Exercise details: From the entries, copy every line that carries the string "when".

Collected data entries:
=-=-=-=-=
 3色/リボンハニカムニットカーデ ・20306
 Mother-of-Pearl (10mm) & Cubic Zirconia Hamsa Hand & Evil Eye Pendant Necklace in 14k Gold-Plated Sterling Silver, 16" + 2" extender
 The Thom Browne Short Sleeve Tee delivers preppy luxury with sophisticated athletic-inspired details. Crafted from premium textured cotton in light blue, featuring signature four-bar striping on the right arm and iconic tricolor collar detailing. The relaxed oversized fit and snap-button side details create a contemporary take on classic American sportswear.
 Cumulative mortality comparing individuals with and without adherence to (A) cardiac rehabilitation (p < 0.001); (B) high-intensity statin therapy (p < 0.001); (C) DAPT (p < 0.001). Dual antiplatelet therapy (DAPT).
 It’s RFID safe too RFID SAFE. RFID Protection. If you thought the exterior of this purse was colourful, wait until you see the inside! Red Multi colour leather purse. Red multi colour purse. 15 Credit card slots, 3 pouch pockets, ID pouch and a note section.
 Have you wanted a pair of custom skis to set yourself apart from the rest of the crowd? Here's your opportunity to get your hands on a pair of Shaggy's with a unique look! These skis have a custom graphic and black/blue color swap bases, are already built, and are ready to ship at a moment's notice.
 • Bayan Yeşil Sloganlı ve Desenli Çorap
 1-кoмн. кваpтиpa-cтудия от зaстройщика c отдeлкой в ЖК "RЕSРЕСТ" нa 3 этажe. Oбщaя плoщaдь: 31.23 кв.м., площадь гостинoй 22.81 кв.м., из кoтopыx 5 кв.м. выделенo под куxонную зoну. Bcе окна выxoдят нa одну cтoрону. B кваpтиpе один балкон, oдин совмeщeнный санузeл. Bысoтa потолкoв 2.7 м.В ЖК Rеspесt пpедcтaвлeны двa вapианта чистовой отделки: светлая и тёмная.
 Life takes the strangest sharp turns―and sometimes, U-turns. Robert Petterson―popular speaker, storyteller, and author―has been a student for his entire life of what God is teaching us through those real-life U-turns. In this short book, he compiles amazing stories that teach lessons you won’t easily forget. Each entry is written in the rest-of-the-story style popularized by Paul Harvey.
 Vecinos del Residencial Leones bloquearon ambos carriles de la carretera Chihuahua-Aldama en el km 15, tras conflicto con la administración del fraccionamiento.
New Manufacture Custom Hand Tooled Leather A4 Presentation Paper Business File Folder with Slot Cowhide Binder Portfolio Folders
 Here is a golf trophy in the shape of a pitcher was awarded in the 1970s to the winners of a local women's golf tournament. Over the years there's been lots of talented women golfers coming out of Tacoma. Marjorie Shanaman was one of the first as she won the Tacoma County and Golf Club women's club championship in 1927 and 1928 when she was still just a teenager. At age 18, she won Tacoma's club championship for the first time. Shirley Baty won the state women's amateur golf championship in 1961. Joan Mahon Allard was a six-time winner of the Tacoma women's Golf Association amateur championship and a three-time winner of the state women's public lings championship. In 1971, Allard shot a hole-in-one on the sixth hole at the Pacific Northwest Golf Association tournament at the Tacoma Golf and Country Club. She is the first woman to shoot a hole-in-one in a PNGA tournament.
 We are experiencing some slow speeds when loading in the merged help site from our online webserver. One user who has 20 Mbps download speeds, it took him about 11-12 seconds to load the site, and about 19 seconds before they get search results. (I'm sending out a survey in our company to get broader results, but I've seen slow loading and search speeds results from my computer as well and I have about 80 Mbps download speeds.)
=-=-=-=-=
Reply to the exercise:
 Here is a golf trophy in the shape of a pitcher was awarded in the 1970s to the winners of a local women's golf tournament. Over the years there's been lots of talented women golfers coming out of Tacoma. Marjorie Shanaman was one of the first as she won the Tacoma County and Golf Club women's club championship in 1927 and 1928 when she was still just a teenager. At age 18, she won Tacoma's club championship for the first time. Shirley Baty won the state women's amateur golf championship in 1961. Joan Mahon Allard was a six-time winner of the Tacoma women's Golf Association amateur championship and a three-time winner of the state women's public lings championship. In 1971, Allard shot a hole-in-one on the sixth hole at the Pacific Northwest Golf Association tournament at the Tacoma Golf and Country Club. She is the first woman to shoot a hole-in-one in a PNGA tournament.
 We are experiencing some slow speeds when loading in the merged help site from our online webserver. One user who has 20 Mbps download speeds, it took him about 11-12 seconds to load the site, and about 19 seconds before they get search results. (I'm sending out a survey in our company to get broader results, but I've seen slow loading and search speeds results from my computer as well and I have about 80 Mbps download speeds.)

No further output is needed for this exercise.